Not able to read text from the all images present in the pdf

abdulkadirsabirbohari · August 21, 2023, 2:01pm

AsposeOcr extractTextFromImage = new AsposeOcr();
string textExtractedFromImage = extractTextFromImage.RecognizeImageFast(imagePath);

using above code to extract the text from images.

Error in Console:

[ErrorCode:RuntimeException] Non-zero status code returned while running ConvInteger node. Name:‘Conv_0_quant’ Status Message: bad allocation

asad.ali · August 21, 2023, 8:45pm

@abdulkadirsabirbohari

Is it happening with all images you are processing? Can you please share sample image for our reference? We will test the scenario in our environment and address it accordingly.

abdulkadirsabirbohari · August 22, 2023, 4:57am

testImageExtration1x.pdf (301.9 KB)

shares the pdf , from where I want to extract text from pdf and and images in pdf.

asad.ali · August 22, 2023, 11:40am

@abdulkadirsabirbohari

We are afraid that currently Aspose.OCR does not support extracting text from a PDF that has mixed content i.e. images and text. However, an analysis ticket OCRNET-701 in our issue issue tracking has already been logged to investigate this feasibility. The ticket has been attached with this forum thread so that you will receive notification once it is resolved.
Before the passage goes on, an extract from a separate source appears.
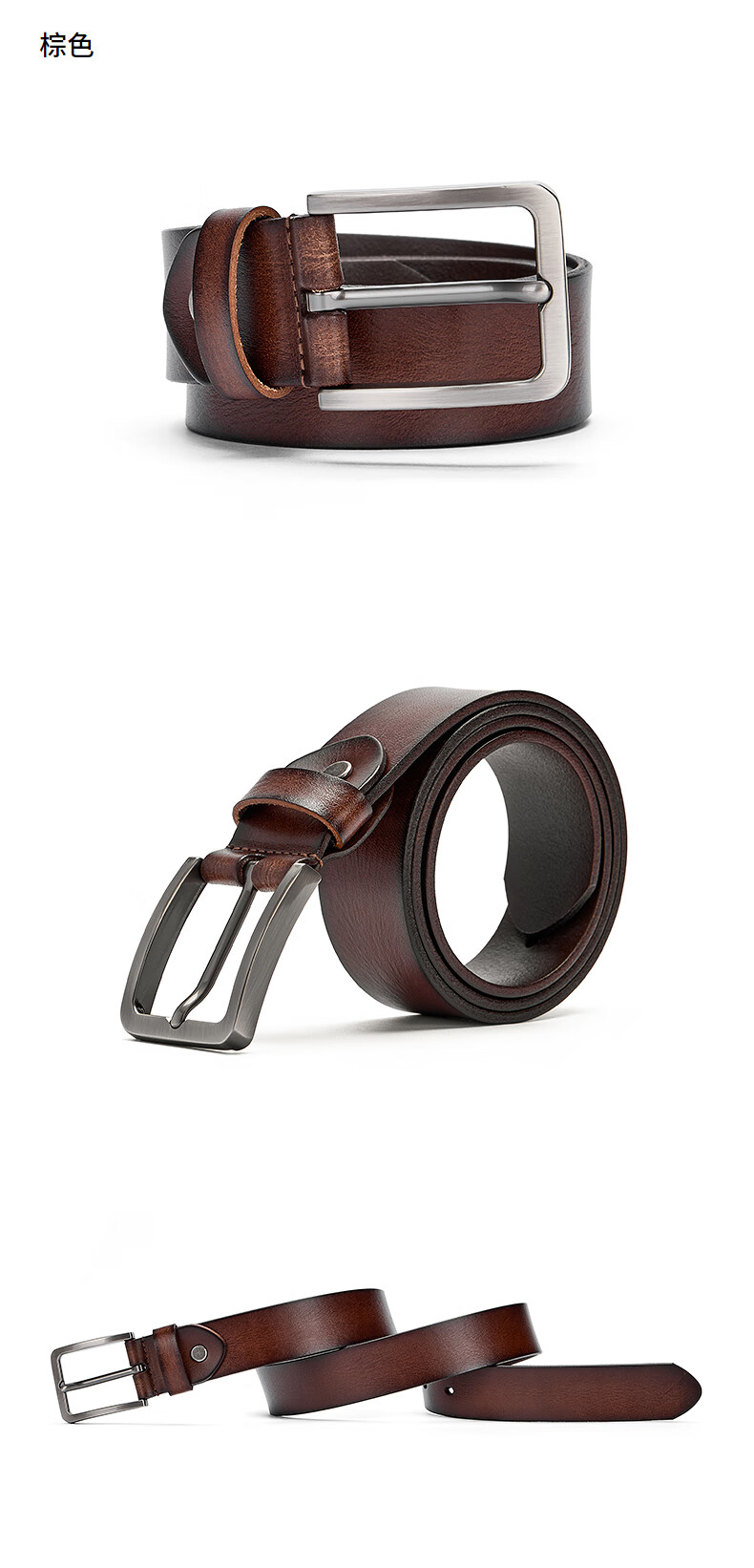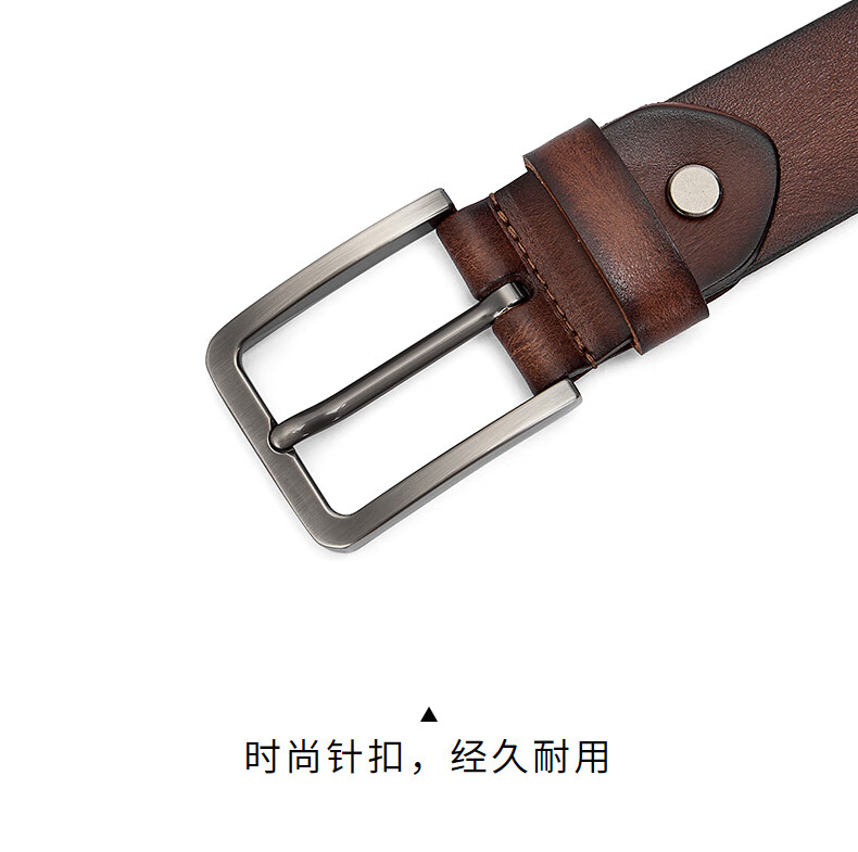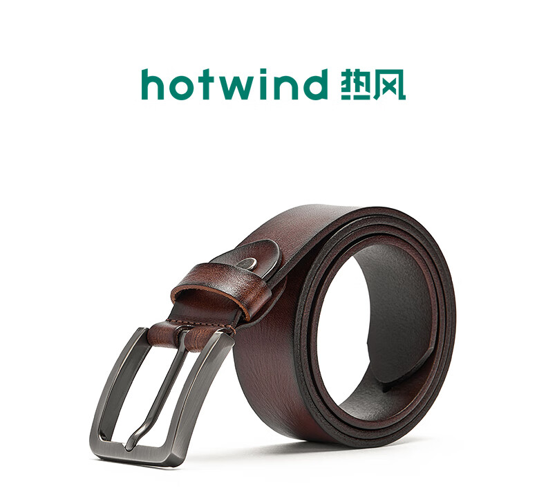 热风【商场同款】2025年秋季新款男士复古擦色原皮针扣皮带 02棕色 110cm
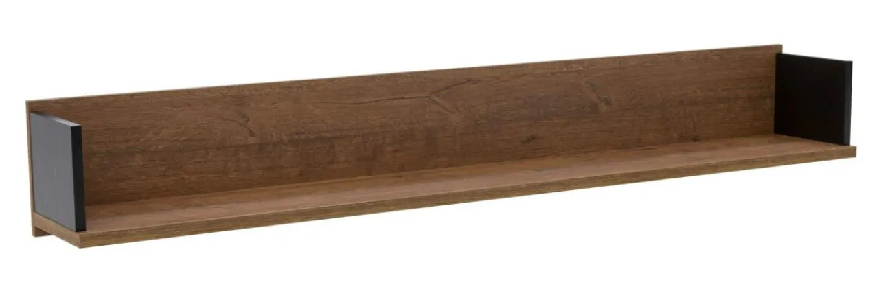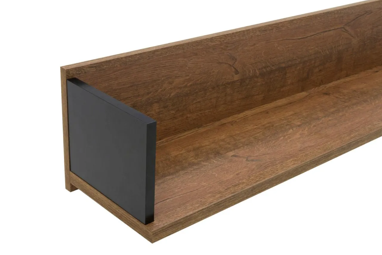 Kolorystyka półki w odcieniu dąb april została wzbogacona czarnymi wstawkami. To kontrastowe zestawienie sprawia, że cała kolekcja mebli DORIAN świetnie prezentuje się zarówno w jasnym, jak i ciemniejszym wnętrzu, oraz w zestawieniu z meblami utrzymanymi w nowoczesnej stylistyce.

Please be patient and spare us some time.

We are sorry for the inconvenience.

abdulkadirsabirbohari · August 24, 2023, 12:50pm

I used pdf extracter to extract images from pdf
pdfExtractor = new PdfExtractor(pdfDocument)

and then image by image extract text , and append in string builder

pdfExtractor.GetNextImage(imagePath);

AsposeOcr extractTextFromImage = new AsposeOcr();
string textExtractedFromImage = extractTextFromImage.RecognizeImageFast(imagePath);

do you have any solution for the particular error, please look into this asap.

asad.ali · August 25, 2023, 12:23am

@abdulkadirsabirbohari

Can you please share which particular error are you facing? Is it throwing some kind of exception?